On offre à nos concitoyens le spectacle désolant d’institutions se renvoyant la balle avec, d’un côté, un État qui en appelle à la maîtrise des dépenses publiques - c’est indispensable, mais il serait plus crédible s’il s’était appliqué à lui-même cette contrainte - et, de l’autre, des collectivités locales qui ne peuvent satisfaire les besoins de la population, arguant de l’asphyxie financière dont elles sont victimes - attitude légitime dans la mesure où leurs marges de manœuvre se trouvent sans cesse réduites. Et c’est la population qui sera in fine victime de ces manœuvres et de ces fausses réformes.

De cette situation, c’est notre démocratie qui, au final, pâtit. Vous aviez l’occasion d’écrire l’acte III de la décentralisation. Vous n’avez écrit qu’une loi de circonstance, dictée par la panique budgétaire et les arrières-pensées politiciennes et électoralistes. Cette loi ne règle rien. Elle est à l’image d’un pouvoir velléitaire qui prétend se saisir de toutes les questions mais qui, au fond, n’en résout aucune.

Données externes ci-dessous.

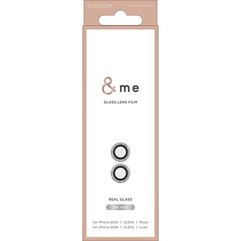 エレコム(ELECOM) PM-A24AFLLGRSV シルバー iPhone16/Plus用カメラフィルム ガラス ラインストーン 高透明 指紋防止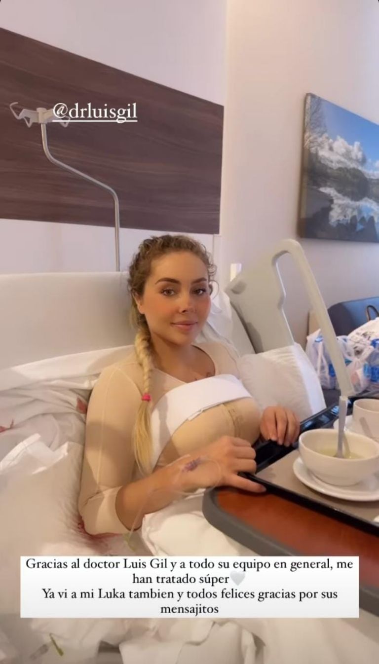 El encargado de hacerle el trabajo fue el doctor Luis Atilio Gil Pérez, quien ha operado a otras celebridades, así que desde la cama del hospital la rubia no pudo resistir para compartir que había cumplido su sueño, por lo que conectada y con su faja de recuperación, posó para presumir sus nuevas copas y prometió dar más detalles del proceso, lo que duró, el peso de sus implantes y demás.

La pire des réponses que nous pourrions opposer à cette attitude serait de nous enfermer dans une simple opposition. Nous aurons, nous, responsables de l’opposition, en 2012, un vrai projet alternatif (Rires et exclamations sur plusieurs bancs du groupe UMP), crédible, qui ne prétendra pas tout régler, un projet audacieux, qui répondra aux défis financiers comme aux impératifs démocratiques, un projet de décentralisation.

En votant contre votre texte, c’est cela que nous devons avoir en tête : cette loi, nous la remplacerons par une grande loi de démocratisation et de clarification. En un mot, une grande loi de décentralisation. (Applaudissements sur les bancs du groupe GDR.)